▶ _Action item_
Leaving out all pictures, transcribe the lines below exactly, from the first through the line containing "Генеральный директор ГК".

[Dataset excerpts]
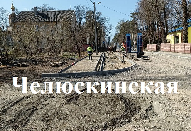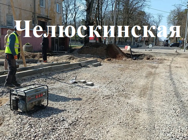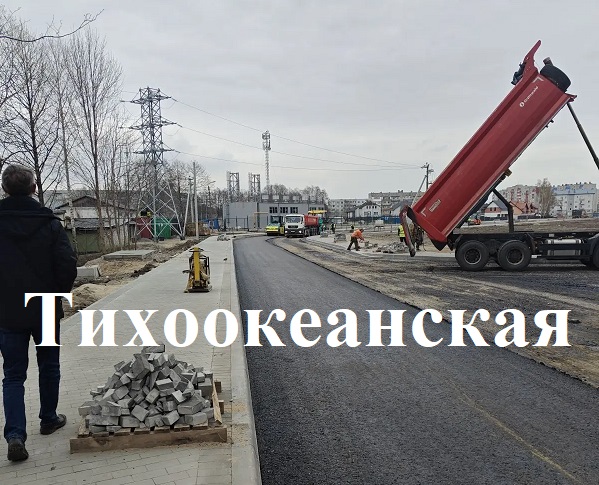 На строительстве Тихоокеанской укладывают нижний слой асфальта на дороге, мостят тротуар. На соседней Челюскинской переключают электросети, устраивают щебёночное основание, бортовой камень, фрезеруют старый асфальт.
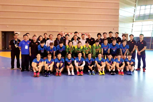 在滁州科创城手球馆,李颖川副局长一行听取了场馆负责人关于场馆建设及运营情况的汇报,并给予高度评价。当天手球馆正在举办第32届夏季东京奥运会女子手球亚洲区资格赛,李颖川副局长一行现场看望了比赛的国家队队员,并为她们加油鼓劲。
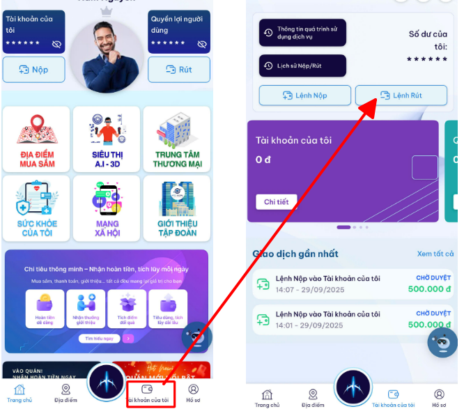 Cách 3: Chọn Tài khoản của tôi > Chọn Lệnh rút
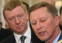 Генеральный директор ГК РОСНАНОТЕХ Анатолий Чубайс демонстрирует продукцию ЗАО "ТРЕКПОР ТЕХНОЛОДЖИ" первому вицепремьеру Правительства РФ Сергею Иванову
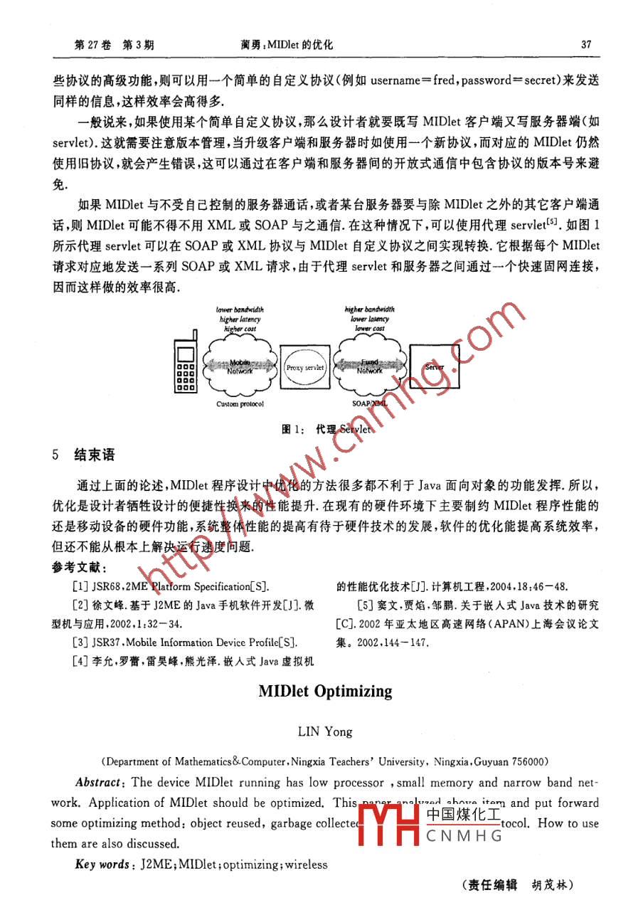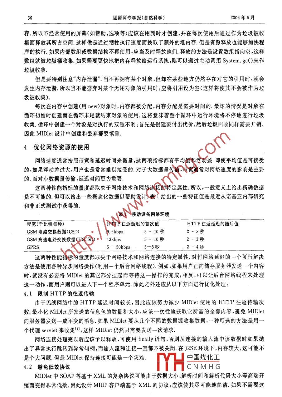 第27卷第3期固原師專學(xué)報(bào)(自然科學(xué))2006年5月. No.3 Vol.27Joumal of Guyuan Teachers College (Natural Science)May. 2006MIDlet的優(yōu)化藺勇(寧夏師范學(xué)院數(shù)學(xué)與計(jì)算機(jī)科學(xué)系,寧夏固原756000)摘要:MIDlet運(yùn)行在低速 、小內(nèi)存的設(shè)備和窄帶的網(wǎng)絡(luò)環(huán)境中,因此MIDlet程序設(shè)計(jì)中應(yīng)該有針對(duì)性地進(jìn)行優(yōu)化.文章分析了影響MIDlet運(yùn)行的各因素,提出了對(duì)象重用、主動(dòng)垃圾回收、使用高效協(xié)議等優(yōu)化方法,并討論了這些方法實(shí)施中需要解決的問(wèn)題,關(guān)鍵詞:J2ME;MIDlet;優(yōu)化;無(wú)線中圖分類號(hào):TP393. 19文獻(xiàn)標(biāo)識(shí)碼:A文章編號(hào):1001-0491(2006)03- -0034- -041引言J2ME是Java針對(duì)移動(dòng)設(shè)備的版本, MIDlet是指J2ME在手機(jī)、PDA上的應(yīng)用程序(又可稱作KJava程序).將信息管理系統(tǒng)擴(kuò)展到無(wú)線領(lǐng)域的諸多方案中,基于KJava的移動(dòng)客戶端是相對(duì)較好的選擇,因?yàn)椋梢灾С謴V泛的網(wǎng)絡(luò)協(xié)議,具有良好的安全性和平臺(tái)交叉的兼容性.這種跨平臺(tái)、設(shè)備無(wú)關(guān)的特點(diǎn)是目前所有的手機(jī)和PDA開發(fā)工具都不具有的特性.但是,J2ME在支持手機(jī)的CLDC規(guī)范中規(guī)定,該類設(shè)備有如下特征叫:●有128KB內(nèi)存供Java運(yùn)行;●32KB供運(yùn)行時(shí)分配的存儲(chǔ)空間;●受限制的用戶接口;●能量有限,主要以電池提供能量;●網(wǎng)絡(luò)連接可能是窄帶寬、不穩(wěn)定的、且以無(wú)線連接為主.這說(shuō)明MIDlet所運(yùn)行的硬件環(huán)境和網(wǎng)絡(luò)環(huán)境都無(wú)法與桌面系統(tǒng)比,MIDlet運(yùn)行的移動(dòng)設(shè)備是資源受限制的環(huán)境,這些限制可概括為:移動(dòng)設(shè)備的處理器運(yùn)算速度低;移動(dòng)設(shè)備內(nèi)存有限(-些移動(dòng)電話限制MIDlet程序?yàn)?0k);網(wǎng)絡(luò)連接速度慢.在這樣的系統(tǒng)上運(yùn)行的程序,如果不作任何優(yōu)化,就很難保證它既完成預(yù)期的功能又運(yùn)行流暢,所以優(yōu)化是J2ME程序設(shè)計(jì)必須的環(huán)節(jié).下面主要從運(yùn)算速度、內(nèi)存使用和網(wǎng)絡(luò)三方面討論優(yōu)化的方法.2為提高速度而作的優(yōu)化MIDlet在不同手機(jī)上的性能特性可能會(huì)有顯著的不同(在種手機(jī)卜姓能奶佳的實(shí)現(xiàn)方法,在.另一種手機(jī)上卻不一定是最好的.例如,在某種手機(jī)上,某中國(guó)煤化工va實(shí)現(xiàn),但在另一FYHCNMHG收稿日期:2005-12-09作者簡(jiǎn)介:藺勇(1973- -),男,寧夏固原人,碩士,講師。第27卷第3期藺勇:MIDlet的優(yōu)化35種手機(jī)上,該方法卻可能封裝了使用本機(jī)語(yǔ)言編寫的更快的方法.所以速度優(yōu)化的第一個(gè)原則就是盡量采用接近本機(jī)語(yǔ)言的方法,其次應(yīng)該從以下方面優(yōu)化:2.1使 用數(shù)組不使用對(duì)象數(shù)組通常比類和類集更快更小,在MIDlet中應(yīng)該盡可能使用數(shù)組以提高運(yùn)行速度. MIDlet中使用頻度比較高的類和類集有String 和StringBuffer以及Hashtable 和Vector3) ,下面分別討論他們與數(shù)組之間如何選擇.在處理字符時(shí),直接使用字符數(shù)組將比處理String和StringBuffer更有效. Strings 是Java中唯一把“+”操作重載的類,但每個(gè)字符串聯(lián),都將創(chuàng)建一個(gè)新的對(duì)象.所以如果在循環(huán)內(nèi)組裝-一個(gè)字符串,就應(yīng)該考慮引入StringBuffer ,從StringBuffer創(chuàng)建String 時(shí),String指向相同的字符數(shù)組,這樣不會(huì)增加系統(tǒng)的開銷.但是如果修改StringBuffer,則會(huì)從原來(lái)的數(shù)組通過(guò)復(fù)制創(chuàng)建一個(gè)新的字符數(shù)組.因而StringBuffer創(chuàng)建新對(duì)象時(shí)不是-一個(gè)嚴(yán)密的方法.所以,最好的優(yōu)化是完全不用String 和StringBuffer,而是用字符數(shù)組.但觱要注意的是,很多APIS要求Strings作為參數(shù)并以此作為返回值,所以采用數(shù)組后就要不停地在string和字符數(shù)組之間作大量的轉(zhuǎn)換.類集Vector和Hashtable使用簡(jiǎn)單有效,但卻附加著一些需要被精簡(jiǎn)的東西.Vector只是一個(gè)數(shù)組的包,所以如果能直接處理-個(gè)數(shù)組,那么就可以節(jié)省下一些內(nèi)存和處理器時(shí)間.同樣地,如果有一個(gè)簡(jiǎn)單的關(guān)鍵對(duì)象到有用對(duì)象之間的影射,則可以采用對(duì)象數(shù)組而不是Hashtable.如果一定要使用Hashtable或Vector,應(yīng)該在創(chuàng)建他們時(shí)準(zhǔn)確地確定其大小.這是因?yàn)閂ector和Hashtable會(huì)隨運(yùn)行需求改變內(nèi)存占用大小,帶來(lái)額外系統(tǒng)開銷.Vector和Hashtable都有構(gòu)造函數(shù)允許指定集合的初始大小.使用時(shí)應(yīng)該最精確地指定集合的大小,這樣才能最大限度地減少使用Hashtable或Vector帶來(lái)的運(yùn)算開銷.2.2使用具有緩沖的 I/O接口雖然流類提供了每次只寫一個(gè)字節(jié)的方法,但是應(yīng)盡量避免對(duì)這種方法的使用,不應(yīng)每次從流中只讀一個(gè)字節(jié),或者只向流中寫一個(gè)字節(jié),而是應(yīng)該建立緩沖同時(shí)讀寫一個(gè)數(shù)組的所有數(shù)據(jù),這樣更為有效. J2SE提供了BufferedReader 和BufferedWriter類,用

▶ _Solution_
 На строительстве Тихоокеанской укладывают нижний слой асфальта на дороге, мостят тротуар. На соседней Челюскинской переключают электросети, устраивают щебёночное основание, бортовой камень, фрезеруют старый асфальт.
 在滁州科创城手球馆,李颖川副局长一行听取了场馆负责人关于场馆建设及运营情况的汇报,并给予高度评价。当天手球馆正在举办第32届夏季东京奥运会女子手球亚洲区资格赛,李颖川副局长一行现场看望了比赛的国家队队员,并为她们加油鼓劲。
 Cách 3: Chọn Tài khoản của tôi > Chọn Lệnh rút
 Генеральный директор ГК РОСНАНОТЕХ Анатолий Чубайс демонстрирует продукцию ЗАО "ТРЕКПОР ТЕХНОЛОДЖИ" первому вицепремьеру Правительства РФ Сергею Иванову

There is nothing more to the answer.